(MATERIAL PROVIDED)
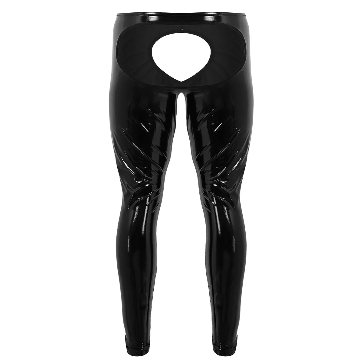 Брюки мужские латексные с открытой ягодицей, пикантные кожаные леггинсы с вырезами, эротическое нижнее белье для геев, для ночного клуба, танцев на шесте, черные
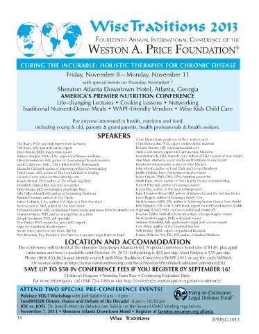 For more information, call (304) 724-3006 or visit http://conferences.westonaprice.org/main-conference/
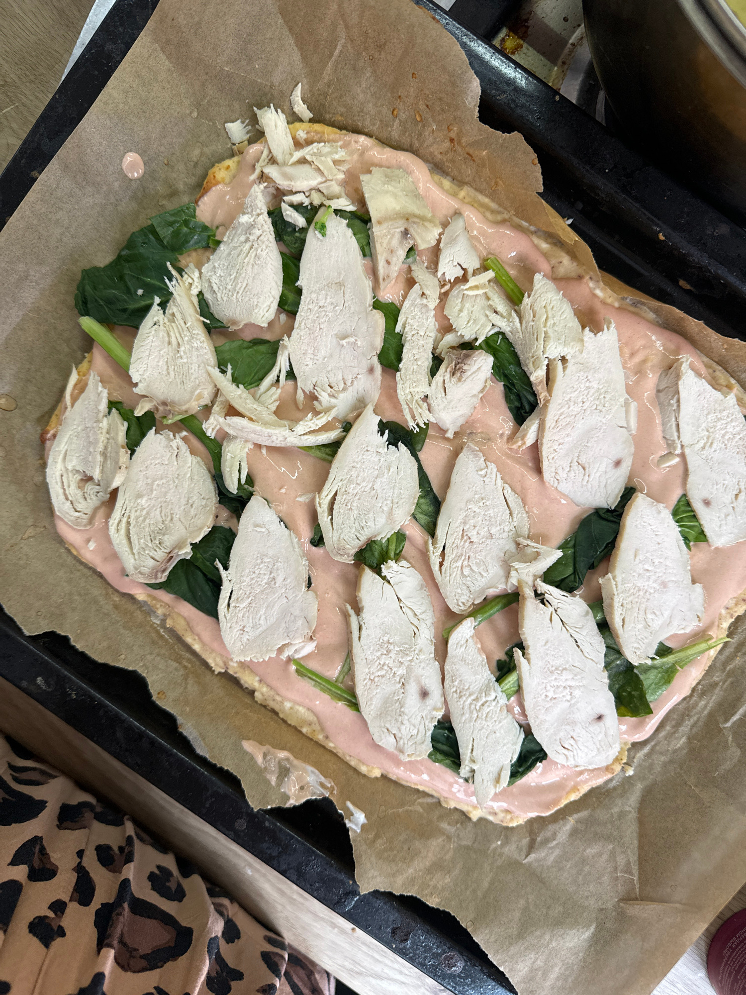 The image shows an uncooked pizza on a baking sheet lined with parchment paper. The pizza appears to have a pink sauce base, topped with spinach and sliced, cooked chicken. The image includes a glimps…read more
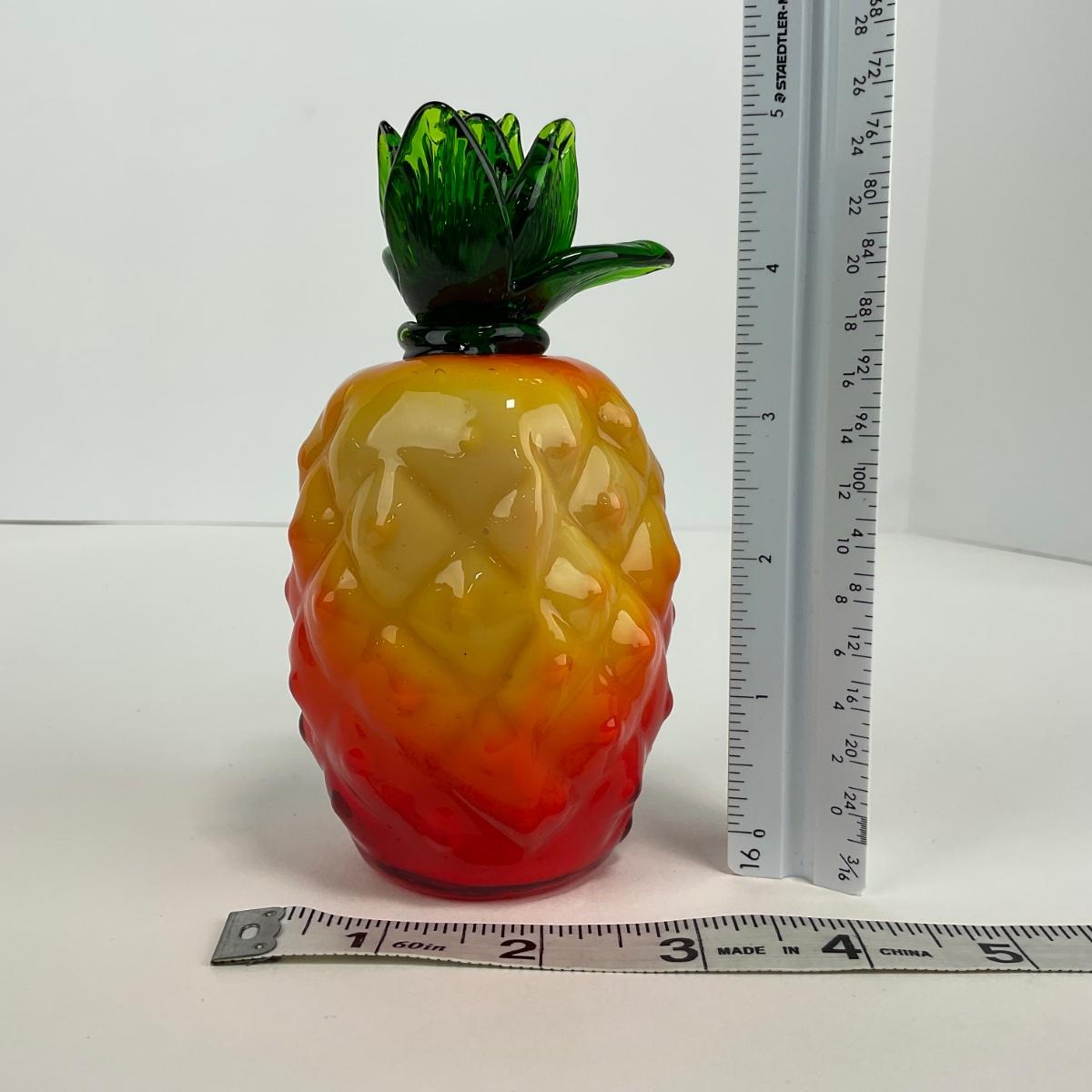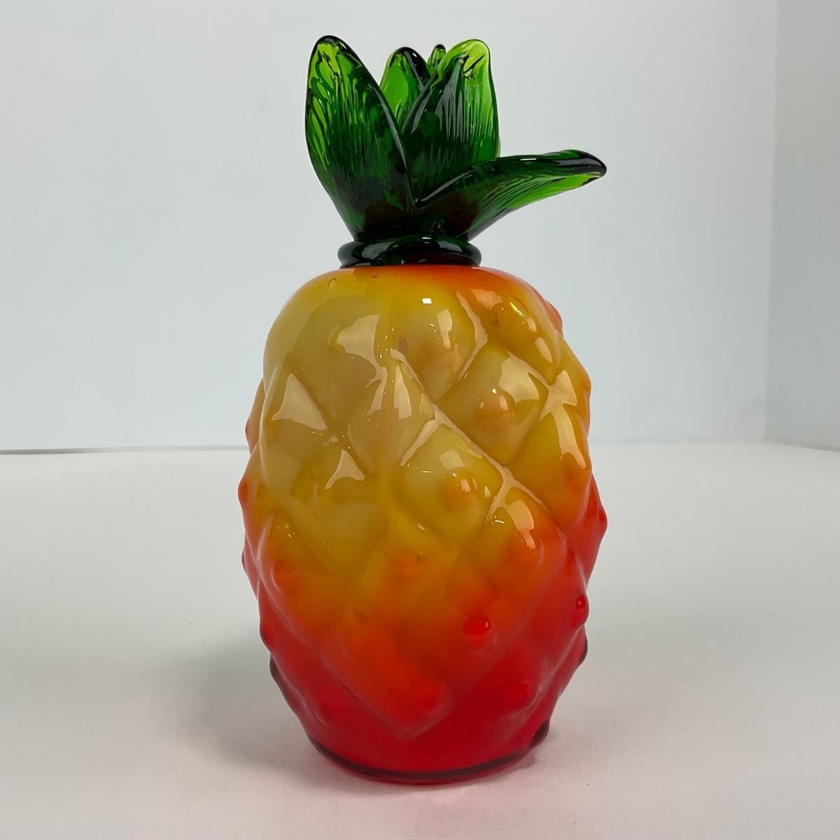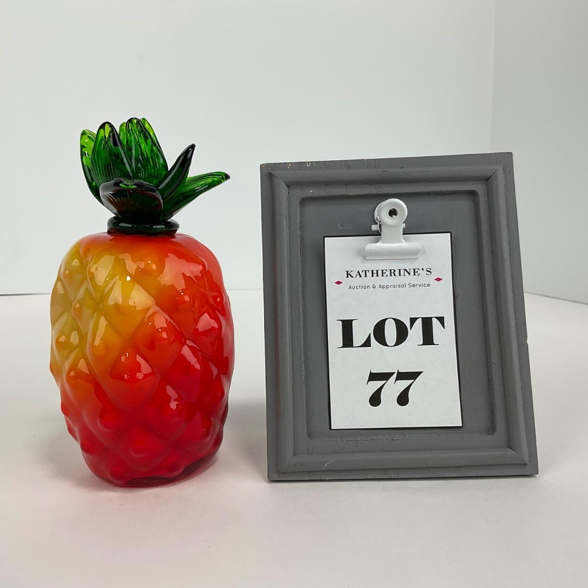 One vintage art glass colorful pineapple figure. This piece has no damage, and appears to be in great shape with no visable chips, cracks, or broken pieces. Please see photos for details and condition. Any condition statement is given as a courtesy to a client, is an opinion, and should not be treated as a statement of fact. Reference to condition written, oral or within a condition report shall not be regarded as a full account of condition and may not include all defects, alterations, or restorations. Absence of a condition report does not imply a lot is flawless or lacking imperfections or damage. Katherine’s Auction & Appraisal Service shall have no responsibility for any error or omission. Returns shall not be accepted on the basis of condition. ::: Shipping is available on this lot. If you require shipping you must let us know at the close of the auction. We will coordinate with you after the item has been won. Shipping fees will include insurance up to or exceeding the value of all items being mailed. If you have any questions regarding this lot please contact the auctioneer either via this website, by direct email or by phone. PICK UP TIMES and other important information can be found in the TERMS and DESCRIPTION of the auction. Please take a look for pertinent information. Thanks!
(End MATERIAL PROVIDED)
→ **DIRECTIONS FOR THIS TASK**
Would you please reproduce verbatim the run of lines that opens the listing and ends with the line holding "The image shows", and only that run, leaving every picture out?

→ **SOLVED PROBLEM**
 Брюки мужские латексные с открытой ягодицей, пикантные кожаные леггинсы с вырезами, эротическое нижнее белье для геев, для ночного клуба, танцев на шесте, черные
 For more information, call (304) 724-3006 or visit http://conferences.westonaprice.org/main-conference/
 The image shows an uncooked pizza on a baking sheet lined with parchment paper. The pizza appears to have a pink sauce base, topped with spinach and sliced, cooked chicken. The image includes a glimps…read more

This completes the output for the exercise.